> Required action
Every line between the one containing "Сервиз за чай" and the last line of the data, both included, is to be set down exactly, and pictures are to be omitted.
START Data records
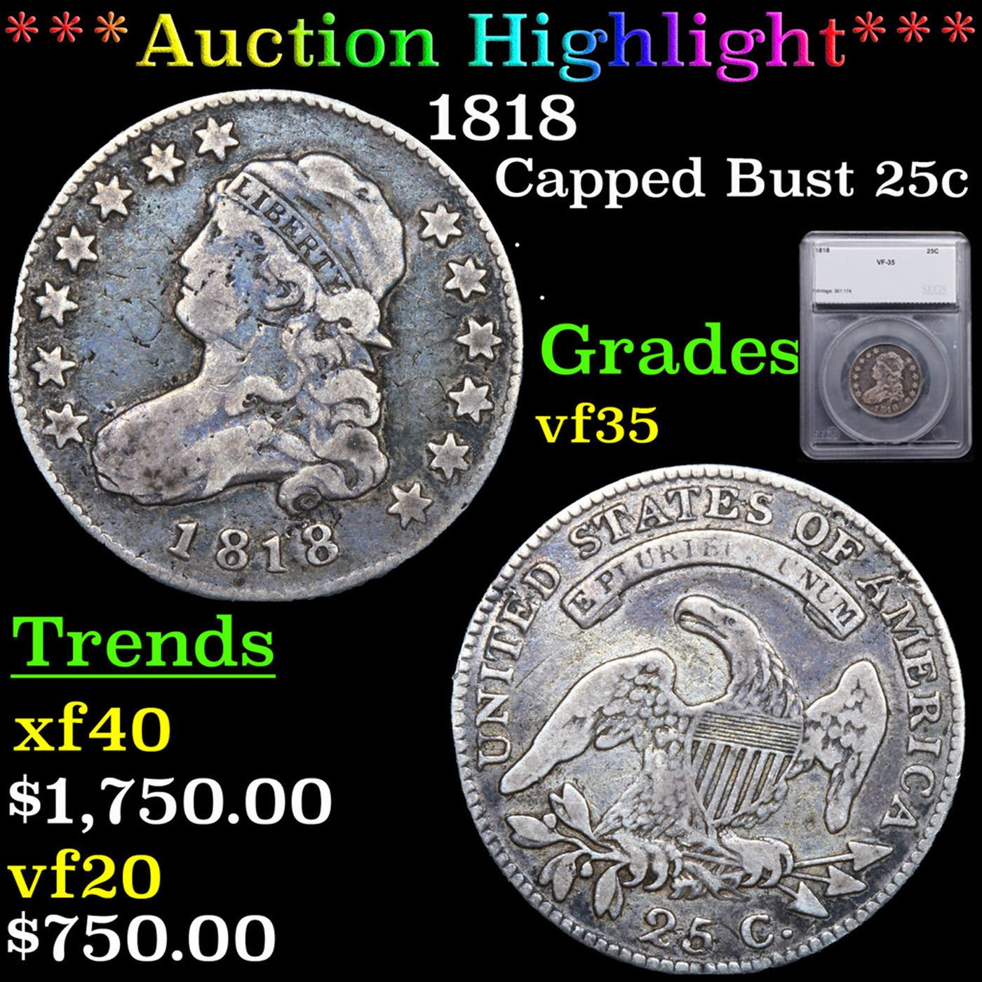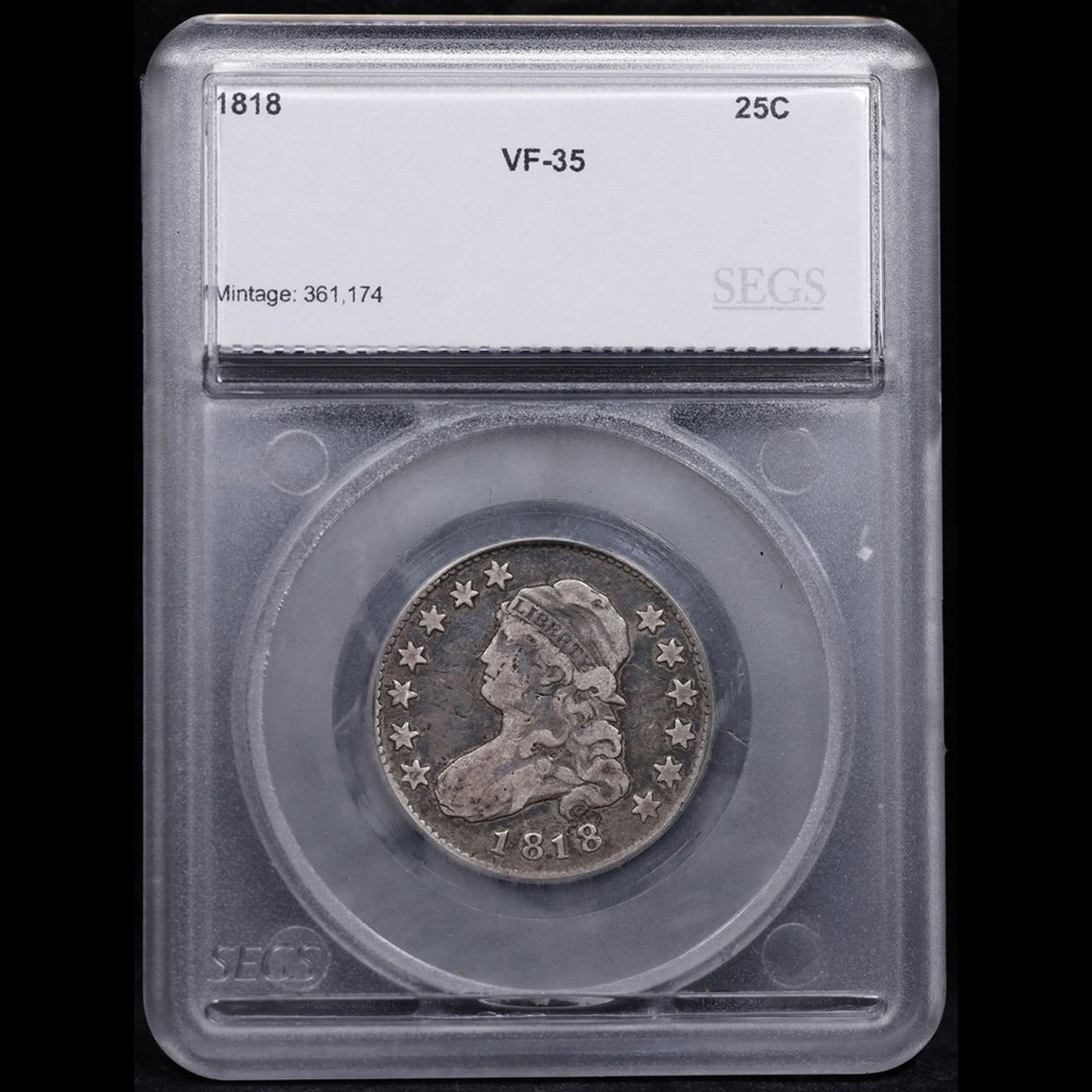 ***Auction Highlight*** 1818 Capped Bust Quarter 25c Graded vf35 BY SEGS. A Key Date's Pick, Bid to Win Coin
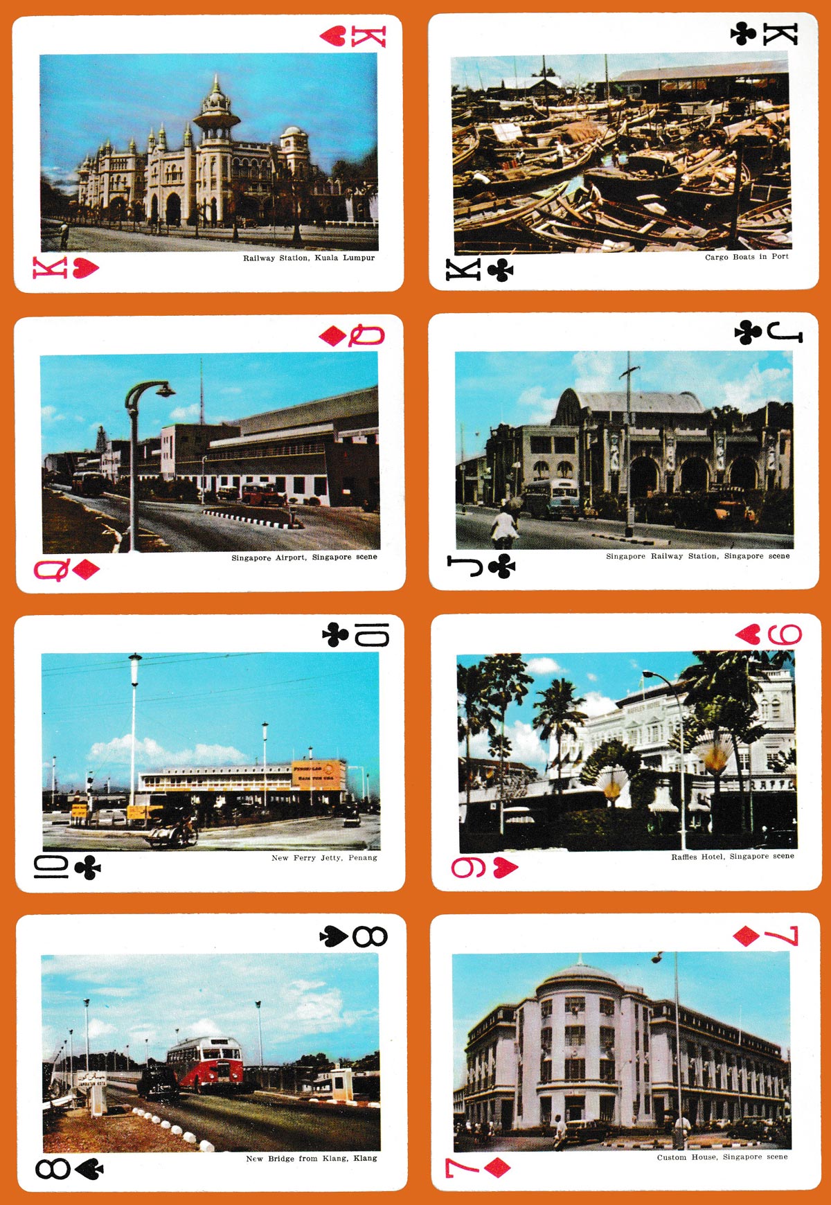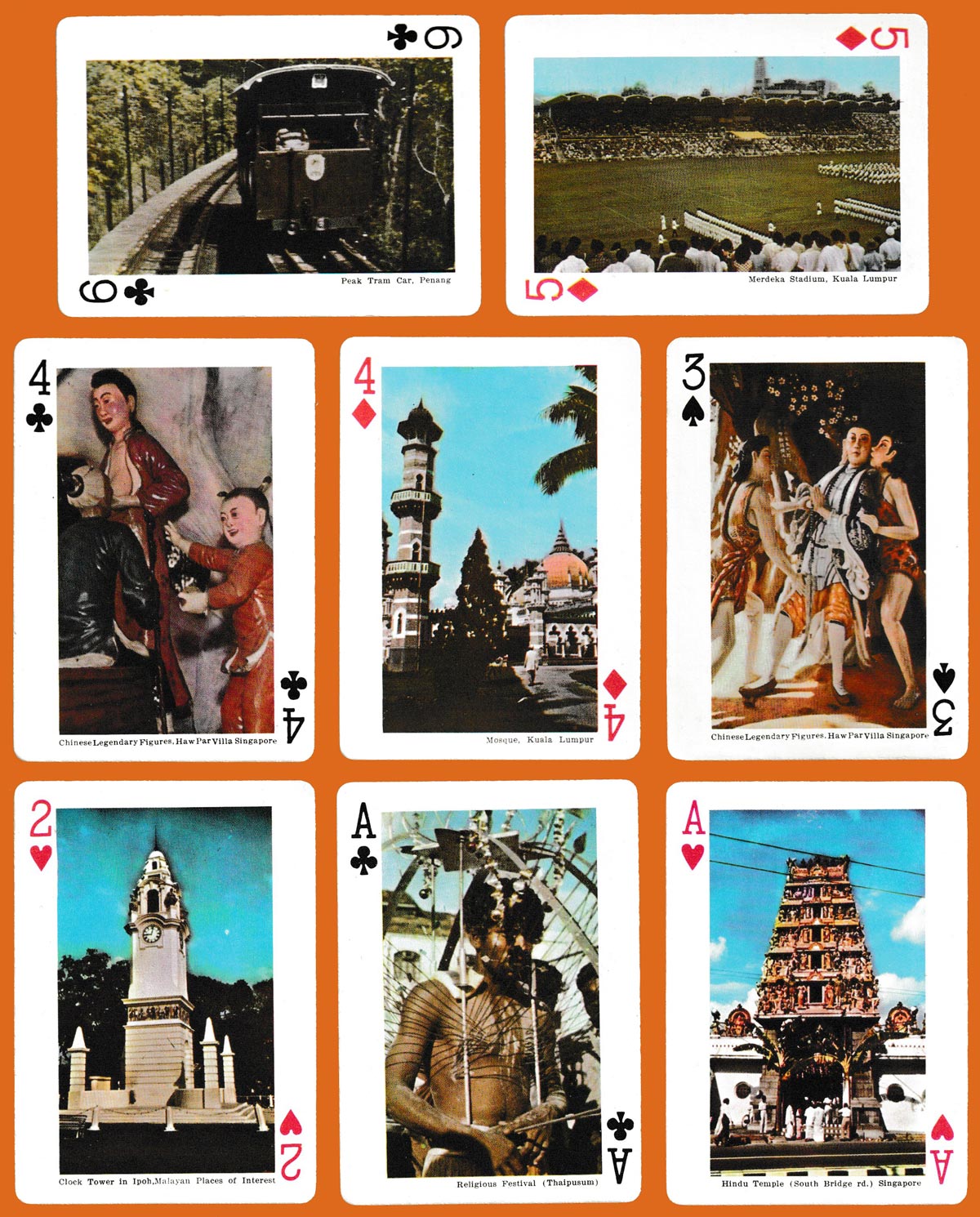 As the New Ferry Jetty, Penang (10 of Clubs), was built in the early 1960s and as Singapore, Malaya and Borneo (and Sarawak) joined to become Malaysia in 1963, this pack must date from about 1962. The 52 colour views are mainly in horizontal format and all have titles in English. The views include historic buildings, harbour views, festivals, and scenes from Chinese classical operas. See the box►
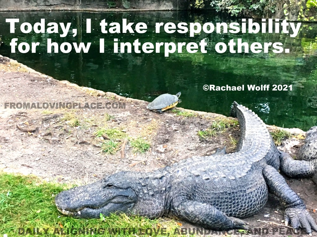 Today, I take responsibility for how I interpret others. Are my thoughts of others getting in my way of aligning with love, abundance, and peace? That is the question I ask myself when I’m getting pulled into the chaos of someone else’s story. I can make positive changes in the world without hating a person who has wronged others. All that hate does is taint my energy. Why would I want someone who has wronged others to have that power of me? How I interpret someone else is less about them and more about the energy I’m putting into the story I make up about them in my head. If it’s in my head, it affects my energy. I’m responsible and accountable for the energy I carry. If I want to live in the energy of love, abundance, and peace I have to do the work to keep my energy there.
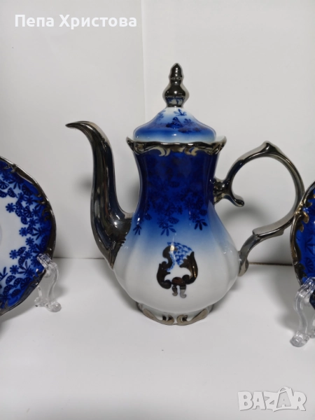Сервиз за чай от румънски порцелан с наситена подглазурна кобалтова декорация и нежен платинен кант - Alba Julia, изработка около 1960-1980г.
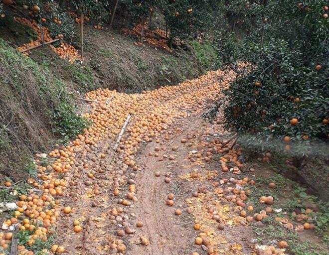 Gần đây, một clip ghi lại cảnh cam sành rụng đầy đường tại Hà Giang thu hút sự quan tâm lớn trên mạng xã hội. Hình ảnh hàng nghìn quả cam rụng vàng dưới gốc, bên vệ đường khiến nhiều người xót xa, kêu gọi “giải cứu”.
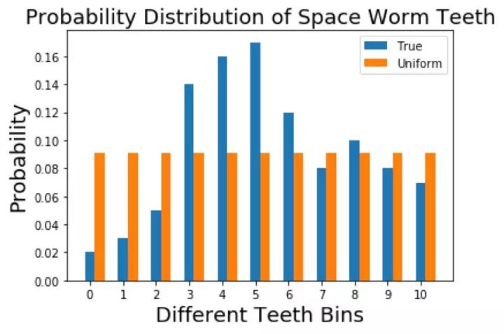 上述博文中所解决的核心问题是这样的:假设我们是一组正在广袤无垠的太空中进行研究的科学家。我们发现了一些太空蠕虫,这些太空蠕虫的牙齿数量各不相同。现在我们需要将这些信息发回地球。但从太空向地球发送信息的成本很高,所以我们需要用尽量少的数据表达这些信息。我们有个好方法:我们不发送单个数值,而是绘制一张图表,其中 X 轴表示所观察到的不同牙齿数量(0,1,2…),Y 轴是看到的太空蠕虫具有 x 颗牙齿的概率(即具有 x 颗牙齿的蠕虫数量/蠕虫总数量)。这样,我们就将观察结果转换成了分布。
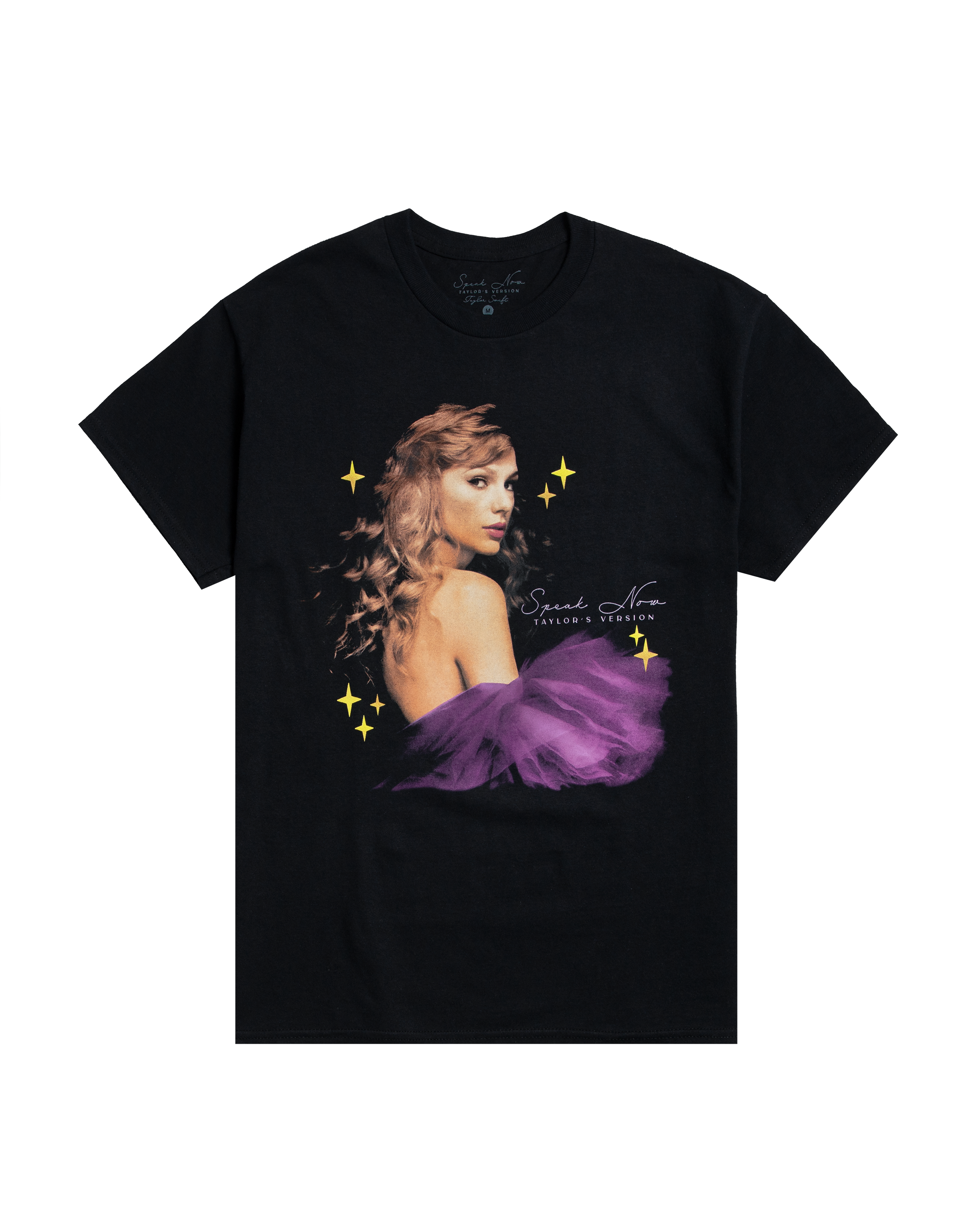 Black t-shirt featuring  Speak Now (Taylor’s Version) album cover photo. spark design. and Speak Now Taylor’s Version printed on front.
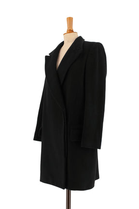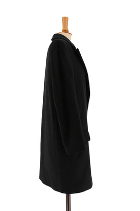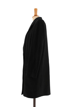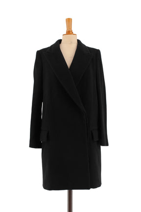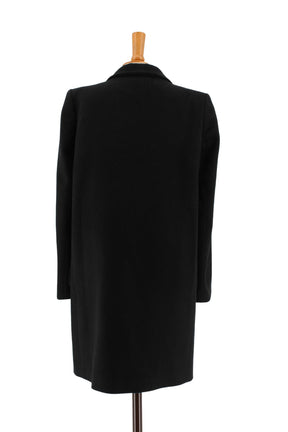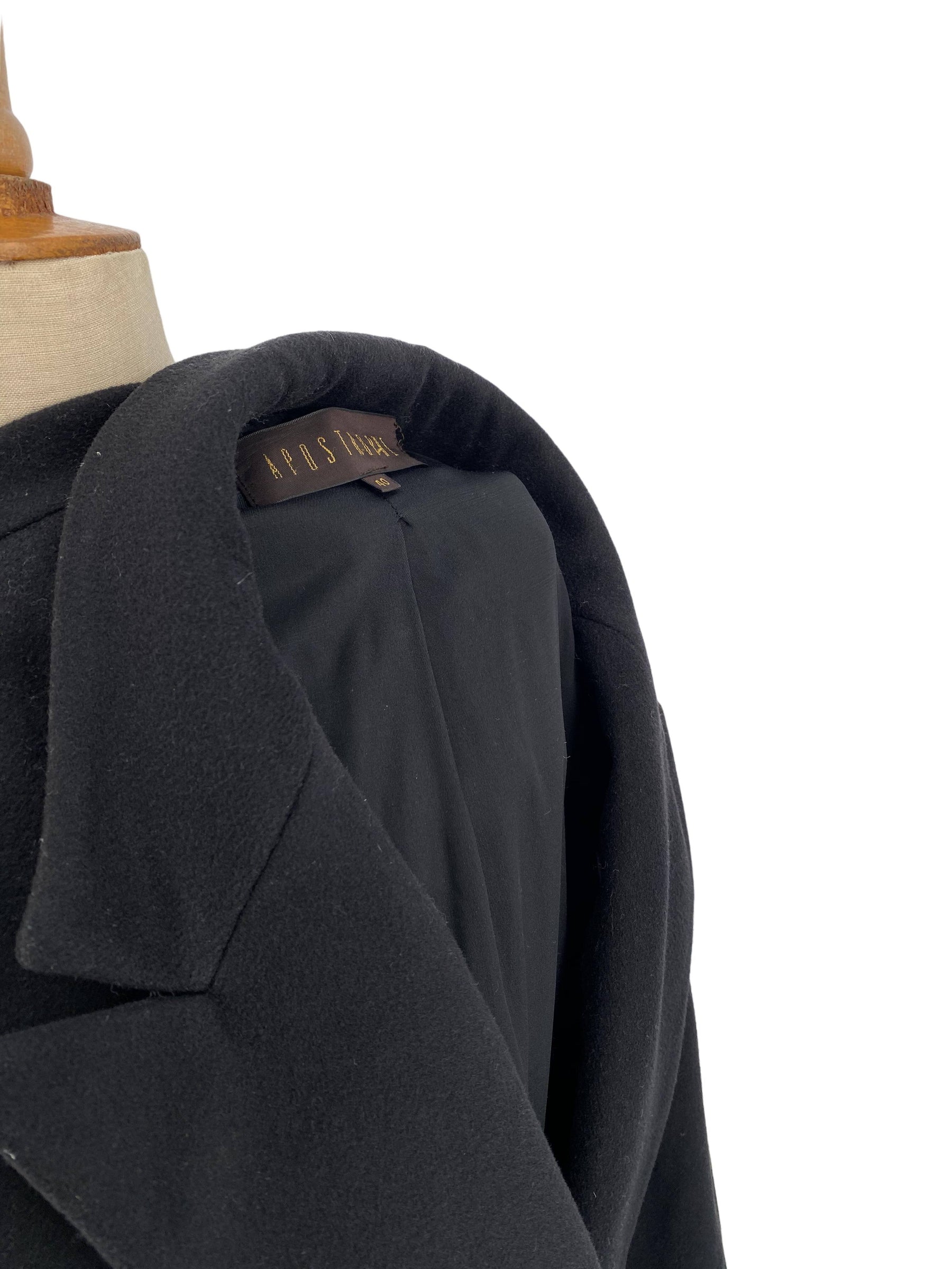 Manteau de seconde main Apostrophe noir 90% laine, 10% cachemire. Taille 40. Longueur : 90cm. Largeur taille : 54cm. Collection Femme. Bon État. Col cranté, fermeture par boutons dissimulés, deux poches à rabat, doublure intégrée. Référence : 1334014.
END Data records
> Task answer
Сервиз за чай от румънски порцелан с наситена подглазурна кобалтова декорация и нежен платинен кант - Alba Julia, изработка около 1960-1980г.
 Gần đây, một clip ghi lại cảnh cam sành rụng đầy đường tại Hà Giang thu hút sự quan tâm lớn trên mạng xã hội. Hình ảnh hàng nghìn quả cam rụng vàng dưới gốc, bên vệ đường khiến nhiều người xót xa, kêu gọi “giải cứu”.
 上述博文中所解决的核心问题是这样的:假设我们是一组正在广袤无垠的太空中进行研究的科学家。我们发现了一些太空蠕虫,这些太空蠕虫的牙齿数量各不相同。现在我们需要将这些信息发回地球。但从太空向地球发送信息的成本很高,所以我们需要用尽量少的数据表达这些信息。我们有个好方法:我们不发送单个数值,而是绘制一张图表,其中 X 轴表示所观察到的不同牙齿数量(0,1,2…),Y 轴是看到的太空蠕虫具有 x 颗牙齿的概率(即具有 x 颗牙齿的蠕虫数量/蠕虫总数量)。这样,我们就将观察结果转换成了分布。
 Black t-shirt featuring  Speak Now (Taylor’s Version) album cover photo. spark design. and Speak Now Taylor’s Version printed on front.
 Manteau de seconde main Apostrophe noir 90% laine, 10% cachemire. Taille 40. Longueur : 90cm. Largeur taille : 54cm. Collection Femme. Bon État. Col cranté, fermeture par boutons dissimulés, deux poches à rabat, doublure intégrée. Référence : 1334014.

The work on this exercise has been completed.